The immediate treatment of cardiac tamponade involves withdrawal of pericardial fluid usually by pericardiocentesis, done in all cases except one which was aborted due to a thickened pericardium with adhesions [17]. When compared to surgical drainage, echocardiography guided pericardiocentesis has been associated with lower morbidity and mortality rates [38]. Some cases required placement of a pericardial drain or less commonly surgical pericardiectomy. Medical management consists of anti-inflammatory medication which typically involves high dose corticosteroids, antimalarials and non-steroidal anti-inflammatory drugs (Table 2). Follow-up is essential to exclude recurrent pericardial effusions and pericardial thickening. In this patient both the erythrocyte sedimentation rate (ESR) and C-reactive protein (CRP) level were elevated. While an elevated ESR is common during a flare, CRP is often normal or mildly elevated. Serositis is one of the few manifestations of SLE that causes both an elevated CRP level and ESR [33,39].
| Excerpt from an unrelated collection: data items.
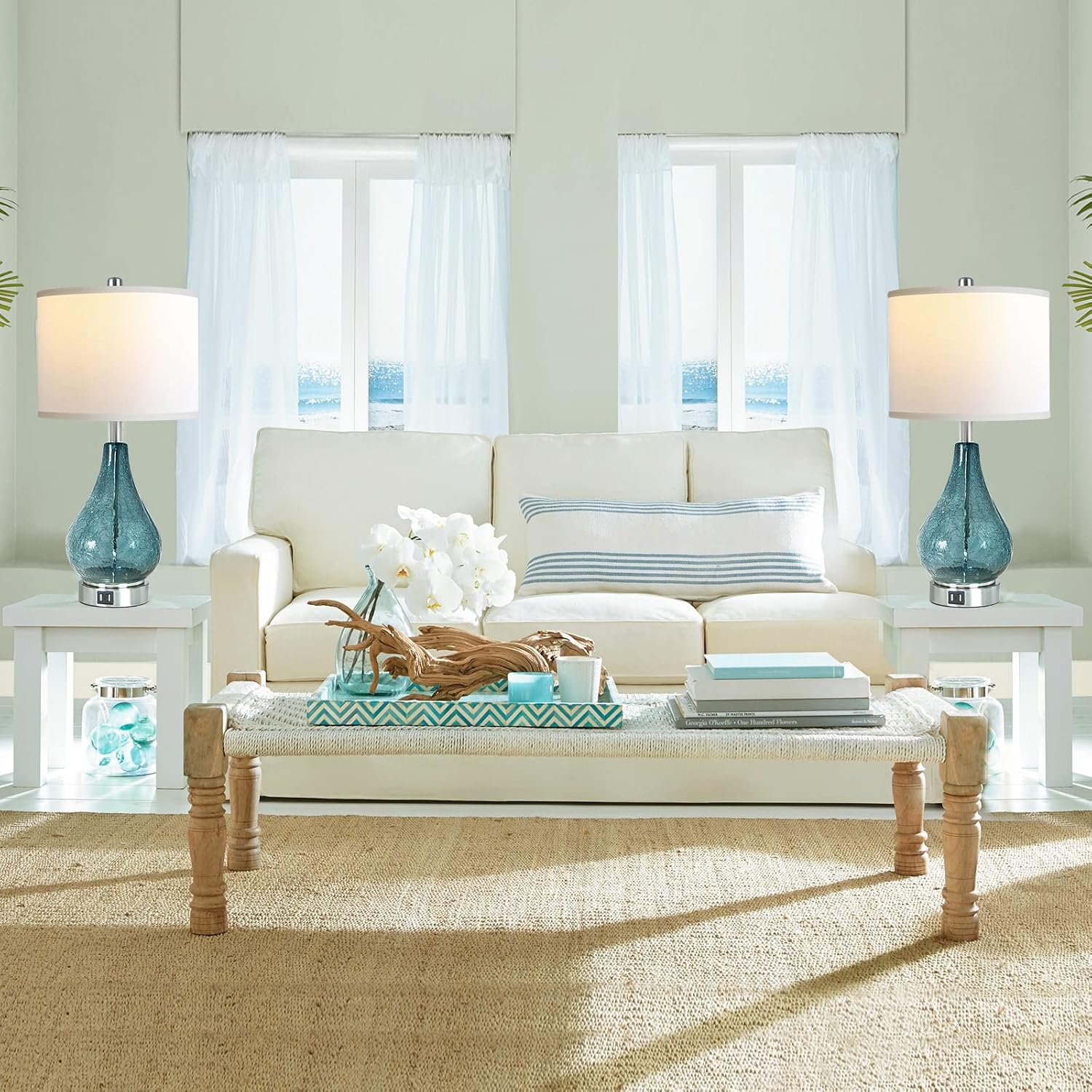 ROTTOGOON Glass Table Lamp for Living Room Bedroom Set of 2, 22.5" LED Light with Touch Control, Blue 3 Way Dimmable Modern Bedside Lamps for Home Decor with White Fabric Shade
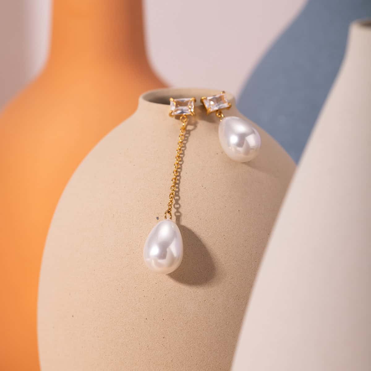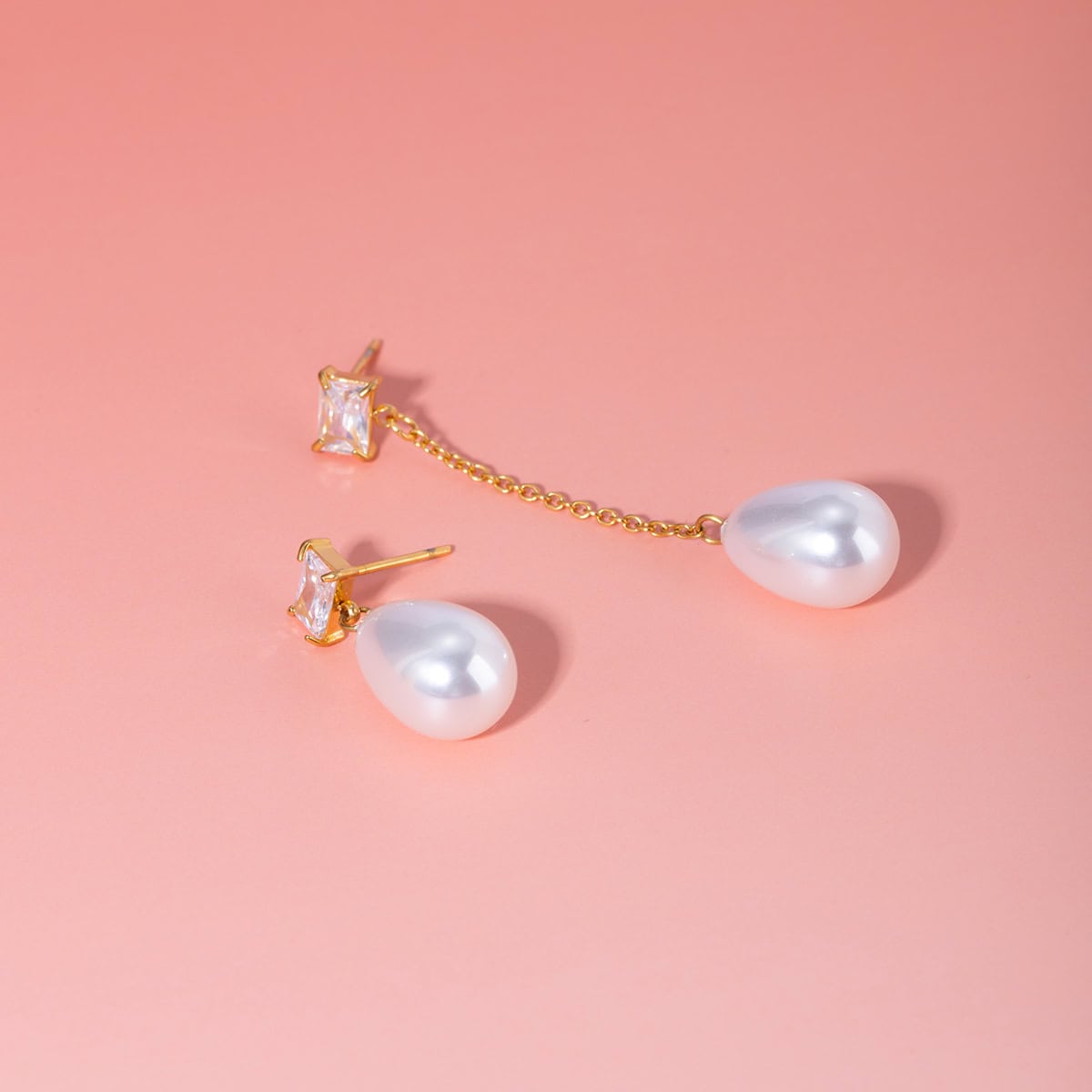 Elevate your style with our exquisite 18K PVD Stainless Steel Light Luxury Rectangular Zircon Drop Shaped Asymmetrical Pendant Pearl Earrings. Crafted with precision and passion, these earrings are a true statement of luxury and sophistication.
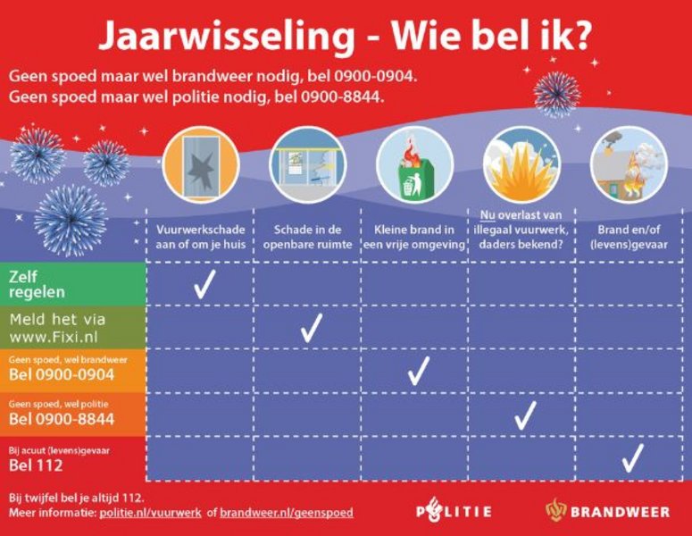 - Kijk op de website van de politie voor uitgebreide informatie over vuurwerk.
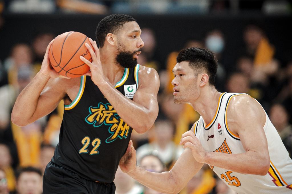 4月10日,廣廈隊(duì)球員韋瑟斯龐(右)防守山西隊(duì)球員施韋德。新華社記者 江漢 攝
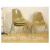 Set of 4 Herman Miller stacking tub chairs; 620-243 - fiberglass with metal bases - side hooks to lock together in line - 23x20x31.5

The Systemic Lupus International Collaborating Clinics (SLICC) [4] recently proposed classification criteria addressing perceived weaknesses of the 1997 American College of Rheumatology (ACR) classification criteria [40]. Using the SLICC criteria, our patient was diagnosed with cSLE. Interestingly, the ACR criteria do not include low serum complement C3 and/or C4 levels as a relevant immunologic criterion. As such, our patient was unable to fulfil 4 out of the 11 ACR criteria for classifying SLE. In recent pediatric series, use of the SLICC criteria for the classification of cSLE, showed better sensitivity and led to fewer misclassifications, but was less specific than the ACR criteria [41]. As seen in our patient, low complement levels have been reported as one of the more frequently seen immunologic factors found at presentation in cSLE [41]. The SLICC criteria have also allowed anti-dsDNA antibodies, anti-Sm antibodies and antiphospholipid antibodies to contribute individually to the diagnosis. Atypical presentation is common in cSLE and often leads to major diagnostic delay. By allowing for greater weighting of immunologic criteria the use of the SLICC criteria may be more sensitive for diagnosis in these cases, potentially leading to earlier diagnosis and treatment.

Conclusion

Cardiac tamponade as the initial presentation of cSLE is rare. More females than males presented in this way, and common co-existing findings included pleuritis and/or pleural effusion, hematologic abnormalities and low serum complement levels. Physicians must consider cSLE in the differential diagnosis of pericarditis and cardiac tamponade and perform appropriate testing for rheumatologic disease.

Consent

Written informed consent was obtained from the parent of the patient for publication of this Case Report. A copy of the written consent is available for review by the Editor-in-Chief of this journal.